Though for Latino gay men, it may not matter much.

By Nathan Collins

(Photo: Quinn Dombrowski/Flickr)

There are well-documented struggles of being a gay man who’s in the closet, depression and anxiety chief among them. Indeed, according to a recent study, life could significantly improve for those who are able to sit their parents down and express their true identity—unless, that is, that person is Latino.

At issue, Adrian Villicana, Kevin Delucio, and Monica Biernat write in the journal Self and Identity, is how gay men form healthy identities. While psychologists’ understanding of that process is a little murky, most researchers think that coming out—specifically, verbally disclosing the fact that one is gay—is an essential part of identity development.

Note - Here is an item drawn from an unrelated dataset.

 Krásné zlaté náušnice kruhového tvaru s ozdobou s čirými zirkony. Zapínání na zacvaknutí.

There is evidence that being able to say “I’m gay” out loud is both an indicator that someone’s comfortable with their sexual orientation and a powerful action in itself. Verbal disclosure is associated with more social support; verbally coming out can boost self-esteem and well-being.

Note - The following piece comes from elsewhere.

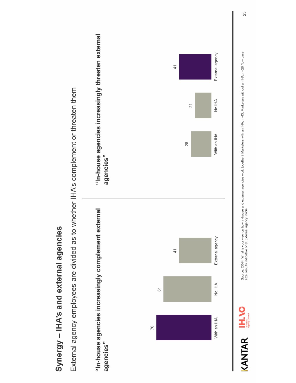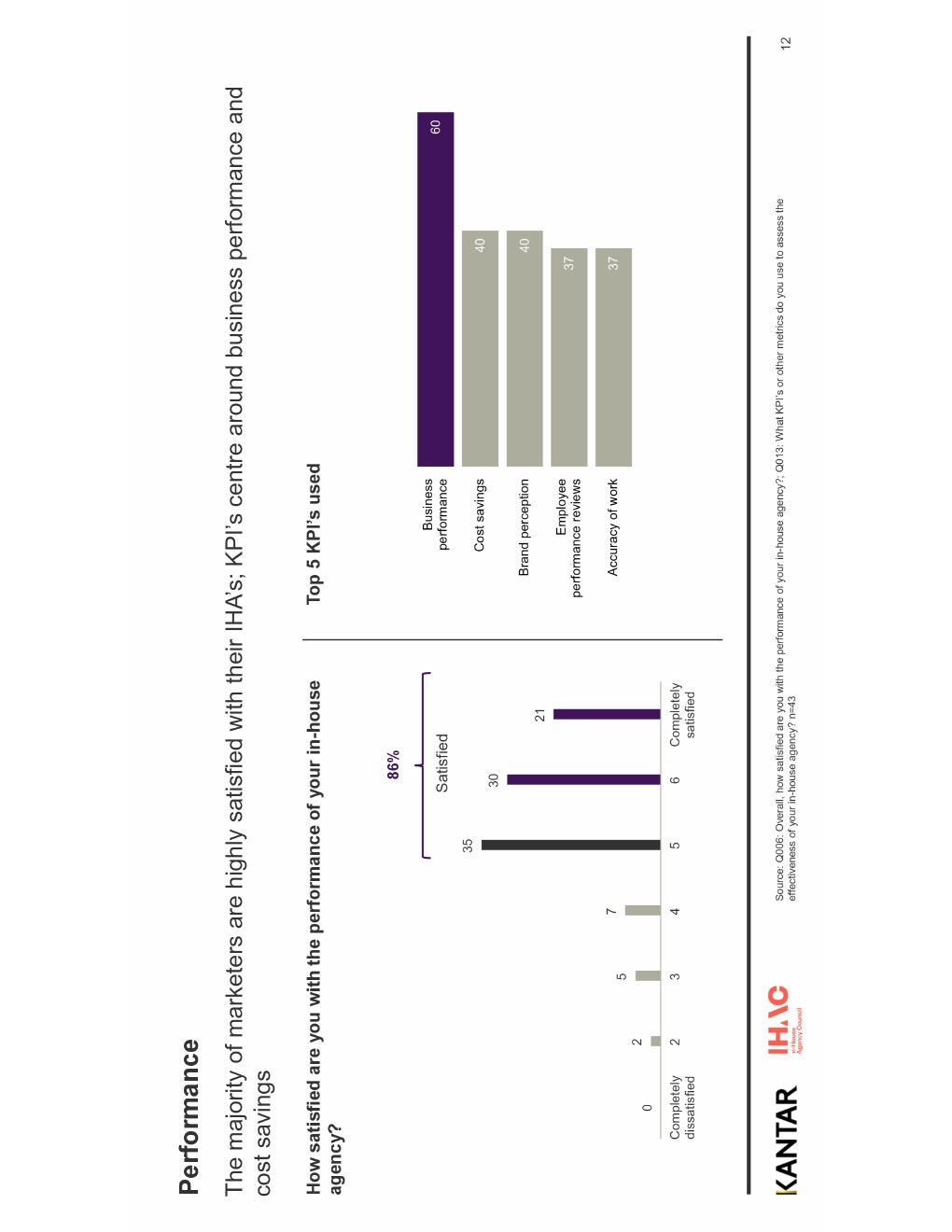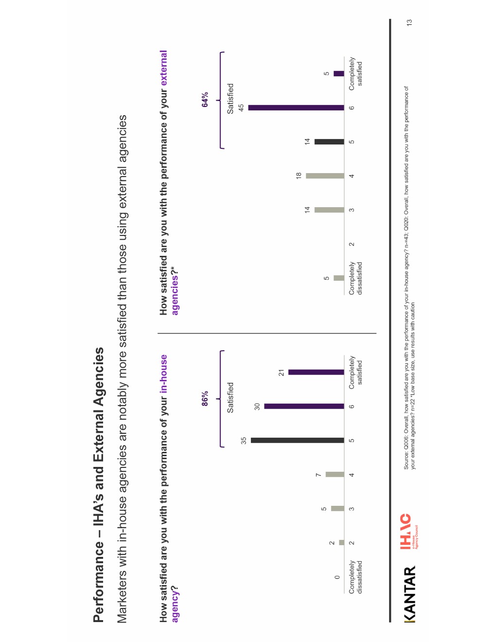 受访者对内部营销机构的表现“完全满意”的可能性(21%)是外部代理机构(5%)的四倍。

“Identity and disclosure may operate differently for gay Latino and gay White men.”

Of course, the gay community is not monolithic, and a gay man’s identity is not simply a matter of being gay or being out—it can also be a matter of ethnicity, social hierarchies, and so forth. There’s also more than one way to come out, and different reasons to come out (or not), which likely depend on the social and cultural context a gay man finds himself in.

The question is, how do those forces play out in the real world? To find out, Villicana, Delucio, and Biernat conducted an online survey of 83 Latino and white gay men. The survey first asked several questions about the participants’ perceptions of their well-being and their comfort with their own sexual orientation. They also asked about how clearly the men had disclosed their sexuality to family, friends, and others using a seven-point scale. For moms, for example, a man’s responses range from one—mom definitely does not know—to seven—she knows and she talks openly about it.

White men who had most openly disclosed their sexual orientation did report better well-being than those who’d disclosed the least, as other research would have suggested. For Latino men, coming out in so many words had no affect on well-being.

A second online survey of 116 men replicated that result and suggested something of an explanation: White men who verbally disclosed their sexual orientation felt more able to be themselves on a daily basis and thought of themselves more in terms of their friends and family. There was no such effect for Latinos.

“Our findings … suggest that gay identity and disclosure may operate differently for gay Latino and gay White men. Instead, gay Latino men may have a different understanding of gay identity that facilitates the usage of a tacitness strategy — where others know of one’s gay identity but it is not verbally disclosed to or discussed with others — without affecting their perceptions of intrinsic self-expression, self-construal, or subjective well-being,” the team writes. “This suggests that a specific notion of what constitutes a healthy expression of gay identity is not shared across various ethnic groups of gay men.”